Additionally, even if the information is not placed in medical records, in most states,
insurers or others are not prohibited from requesting this information directly from individuals.

When participants want to disclose this information to family members, they may be uncertain about how to proceed. Thus, one important part of counseling may be
to discuss possible strategies for effective communication with family members about test results. It may be useful to develop pamphlets or letters that give suggestions to participants about how to communicate this information, as well as to provide specific pamphlets or letters that could be given to relatives.

Requests for testing of children

A consensus is emerging that genetic testing for adult-onset diseases should generally be deferred until adulthood.^"
Children cannot provide consent, so they must rely on surrogate decision-makers. Children may be uniquely vulnerable to the psychosocial risks of testing because they are undergoing the developmental processes of acquiring a selfimage and independence.

The central issue is whether the potential benefits of testing outweigh the potential harms. Although parents are usually in the best position to make such determinations, there are little data about the impact of such information on children and their families.

What is a cancer genetic susceptibility test?
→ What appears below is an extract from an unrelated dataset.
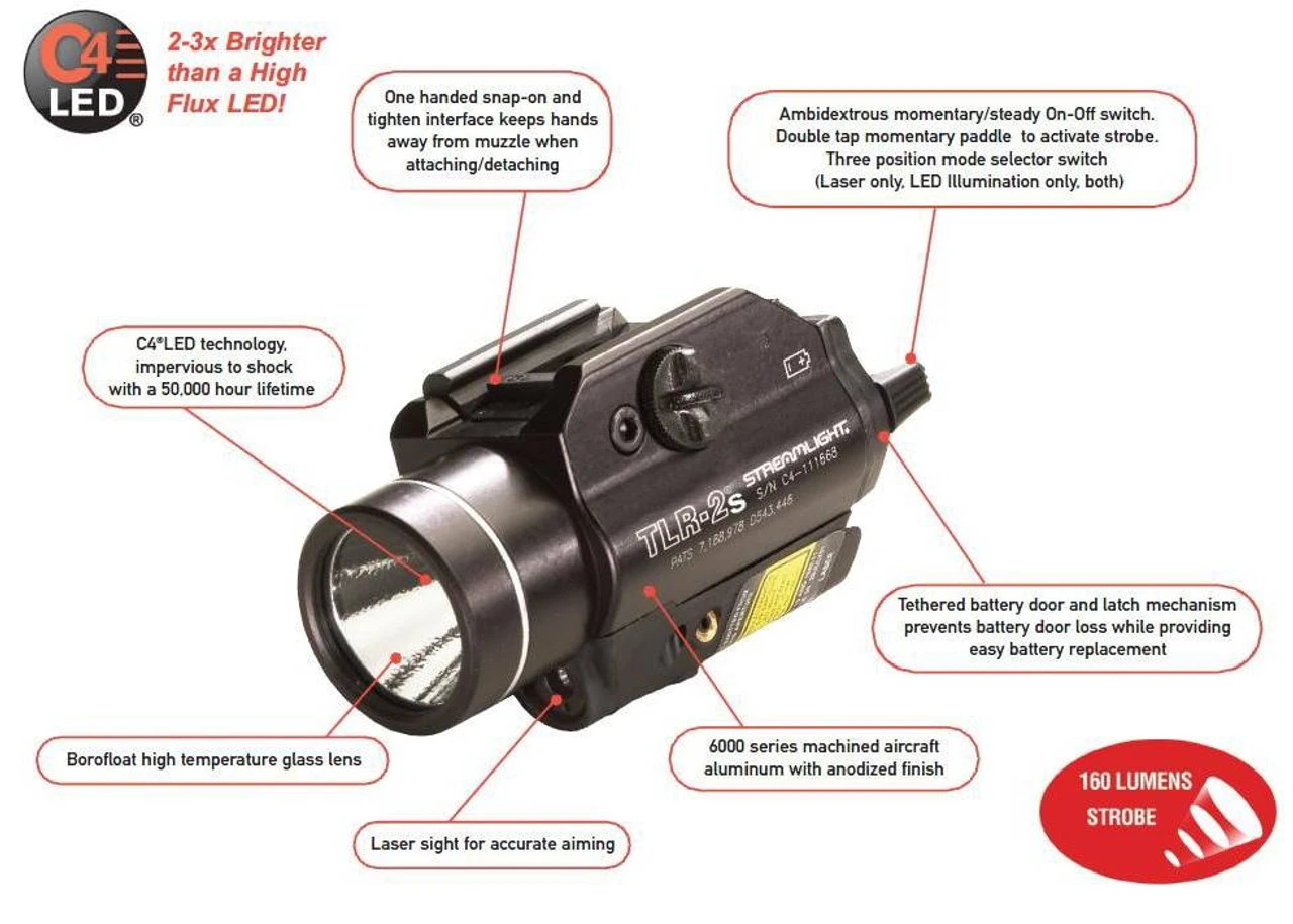 Still the same dependable Streamlight TLR-2, but now packs a brighter punch and features a laser, giving you the decisive advantage in a potentially lethal situation.

It is a test involving analysis of DNA for mutations in one or more specific genes that confer a susceptibility to a given type of cancer.
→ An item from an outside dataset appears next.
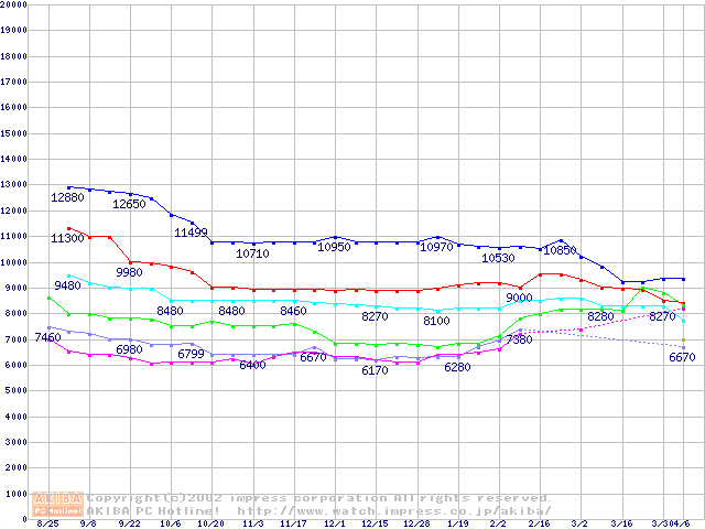 | [↑前グラフ]: | Socket 370 (FC-PGA2,FSB 100MHz,L2 256KB)の最安値推移 |

It is generally performed on a blood sample, but sometimes can be performed
on surgical or autopsy material if blood is not available.

Who should consider testing?
Generally only a person with a family history of a specific type of cancer or cancer syndrome. The person tested may or may not have had cancer. For example, a family history of breast or ovarian cancer may prompt BRCA testing, whereas a family history of colorectal cancer may lead  to testing for hereditary nonpolyposis colorectal cancer or familial polyposis.

There are currently  about a dozen familial cancer susceptibility syndromes for which DNA testing is commercially available.